Retype nothing but the lines from the start of the material up to and including the line with "100/110/120cm Aluminum Metal". Pictures don't belong in the copy.
START Source data
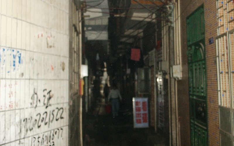• A person walks through an out-of-focus dark alley in China.
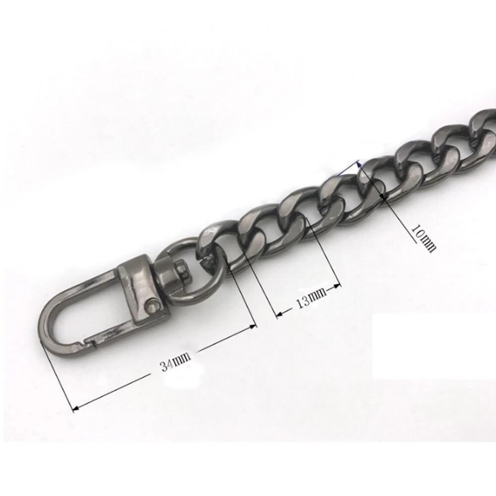 100/110/120cm Aluminum Metal Chain DIY Replacement Shoulder Bag Strap Chain Feature: 1. 100% brand new and high quality. 2. Ultralight. Specification: Item Type:Bag Aluminum Chain Material:Metal Color:Gold,Light Gold,Silver,Gun Black,Dark Gold Size:100cm,110cm,120cm/39.37,43.3,47.24inch Package:1PC Chain Note: Please allow1-2cm measuring deviation due to manual measurement. Due to the difference between different monitors, the picture may not reflect the actual color of the item. Thank you!
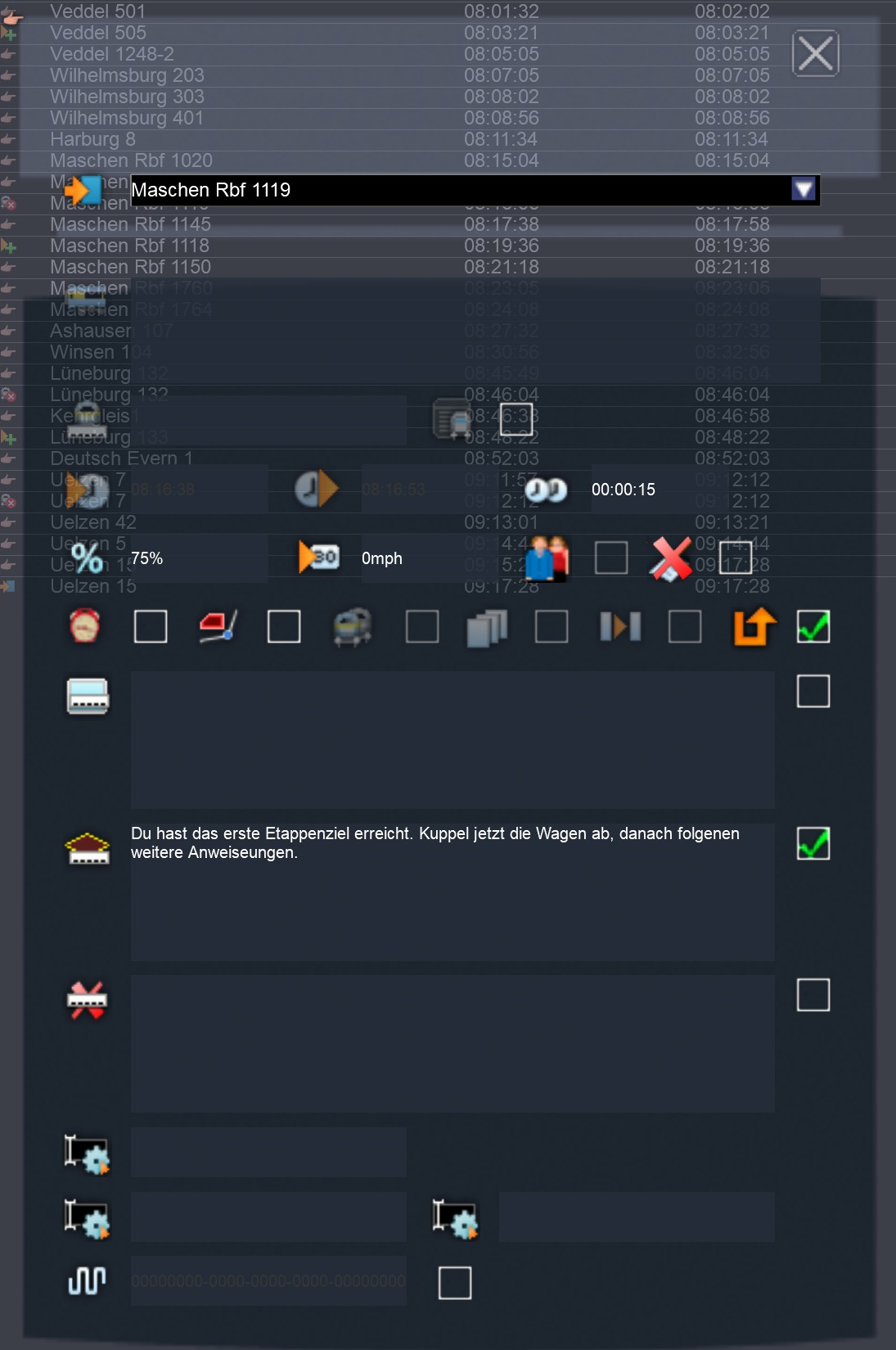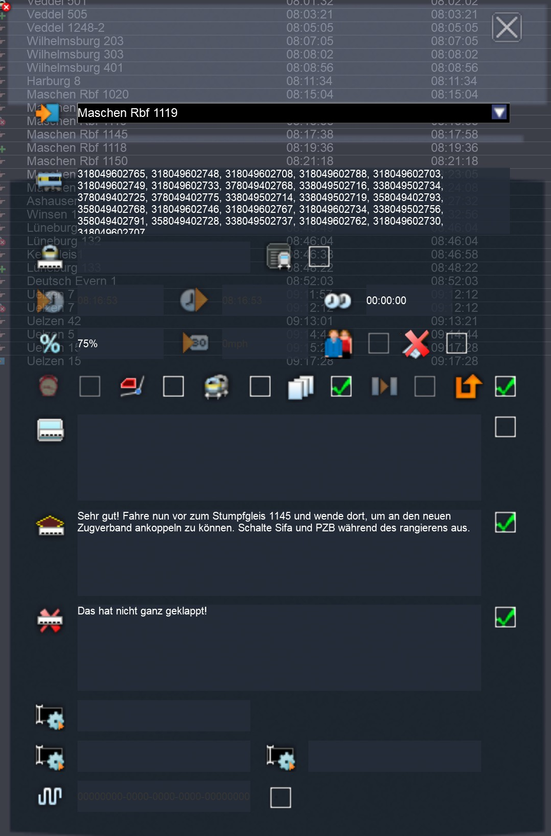 Ich habe folgendes Problem bei der Szenarienerstellung. Ich möchte mit meiner vR BR 151 EL mehrere Güterzüge auf der Strecke Hamburg - Hannover bewegen. Einmal einen Zug von Veddel nach Maschen, dort einen anderen Zug weiter von Maschen nach Lüneburg und dort einen dritten Zug bis nach Uelzen. Während das Ankuppeln und ziehen der Wagen zum jeweils nächsten Etappenziel funktioniert, klappt es mit dem Absetzen, also dem Abkuppeln nicht. Hier wird mir mitgeteilt, dass ich die Teilaufgabe nicht erfüllt habe. Ich kann leider nicht nachvollziehen, was ich da falsch gemacht habe. Die Anleitung "RW Timetable View Manual" habe ich soweit korrekt befolgt. Zumindest glaube ich das...
END Source data
The answer:
• A person walks through an out-of-focus dark alley in China.
 100/110/120cm Aluminum Metal Chain DIY Replacement Shoulder Bag Strap Chain Feature: 1. 100% brand new and high quality. 2. Ultralight. Specification: Item Type:Bag Aluminum Chain Material:Metal Color:Gold,Light Gold,Silver,Gun Black,Dark Gold Size:100cm,110cm,120cm/39.37,43.3,47.24inch Package:1PC Chain Note: Please allow1-2cm measuring deviation due to manual measurement. Due to the difference between different monitors, the picture may not reflect the actual color of the item. Thank you!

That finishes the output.